In other words, the kids are alright. "Cannot we let people be themselves and enjoy life in their own way?" So, maybe two, maybe one, maybe none: there are enough of us, we can afford a few happily childless adults. I'm just glad I'm not one of them.

Podcast
5:45/6:21, 43/71

Tuesday, November 10, 2015

Conquering AT&T

Wifi's down again (!), my thumbs will be brief. (We're unhappy with you, AT&T, & about ready to quit you once & for all. Not that you'll notice or care. "Mediation" strikes again.)

Today we turn to Bertrand Russell's bright, breezy, borderline-sexist "Conquest of Happiness." What would Bertie say about the ordinary everyday sort of unhappiness a broken Internet connection can cause? "Turn your attention to other things," probably: 

"The wise man will be as happy as circumstances permit and if he finds the contemplation of the universe painful on one point he will contemplate something else instead." Right.

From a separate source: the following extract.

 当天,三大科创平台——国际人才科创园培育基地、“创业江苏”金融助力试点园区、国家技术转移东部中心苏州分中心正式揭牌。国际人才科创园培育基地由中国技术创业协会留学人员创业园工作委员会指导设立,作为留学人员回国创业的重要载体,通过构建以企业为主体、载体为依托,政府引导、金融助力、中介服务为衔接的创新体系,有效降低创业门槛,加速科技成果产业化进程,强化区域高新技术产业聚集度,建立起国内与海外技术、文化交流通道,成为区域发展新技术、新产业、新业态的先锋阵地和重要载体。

Good advice, for now. Dumping our provider may have its satisfactions too. 

5:45/6:20, 53/63

Monday, November 9, 2015

Immediacy & humanity

Weekend highlights: the eggplant parmesan at Finezza, the first Earth Stove session of the season, the Martian, being interviewed by Younger Daughter for her podcast, on her passion for softball... John Lachs's plenary address at the Southwestern Philosophical Society in my old stomping grounds, Sarratt Student Center at Vandy...
Embedded image permalink

My first arts & crafts project in decades, a tri-fold publicity poster for our Study Abroad summer course which I'll unveil at our booth in the Student Union on the 18th...

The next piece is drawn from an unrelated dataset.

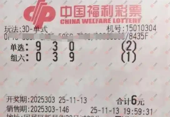 福彩3D 2025303期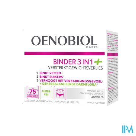 OENOBIOL BINDER 3IN1+ 60 CAPS is een voedingssupplement, verkrijgbaar in uw buurtapotheek of online apotheek. Neem niet meer dan de aanbevolen dagelijkse dosis vermeld op de verpakking. Het vervangt geen gezonde levensstijl en gevarieerde en evenwichtige voeding. Vraag raad aan uw apotheker. Het product altijd buiten het bereik van kinderen houden.

When wifi went down last night we broke routine and watched Into Darkness on dvd instead of our usual Sunday fare (Madame Secretary, The Good Wife), to celebrate Trek's announced return to TV. Boldly go somewhere different, for a change!

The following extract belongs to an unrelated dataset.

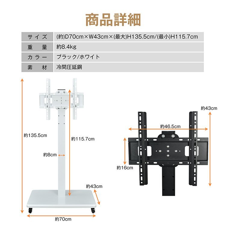 【サイズ】:(約)W70cm×D43cm×(最大)H135.5cm/(最小)115.7cm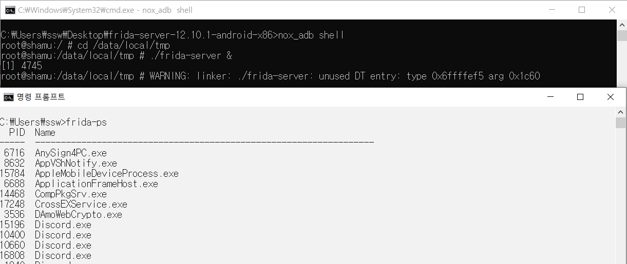 Step 5. ./frida-server & 명령어로 실행! 명령 프롬프트에서 frida-ps 명령어를 실행해봅니다.

The great thing about the Martian is his indomitable will to come home, with a lot of help from his friends.

The great thing about Lachs is his commitment to "transparency and immediacy" as the solution to our great modern affliction, which is also the great extender of our communicative reach: he calls it mediation, in preference to Marxist alienation.
Through computers and satellites and fax machines, mediation opens the distant world. Instant access to all manner of information promises knowledge without limits. The exploits of strangers on the other side of the globe so fill our minds, however, that we fail to examine the meaning of our own acts. Disconnected facts and secondhand reports close our eyes to to direct experience and we lose appreciation for the richness of the immediate. Growing knowledge thus begets ignorance
And rudeness. While dining on that exemplary eggplant we couldn't help noticing instances of another symptom Lachs had cited, at adjoining tables all around us: couples more engaged in silence with their screens than in conversation with their partners.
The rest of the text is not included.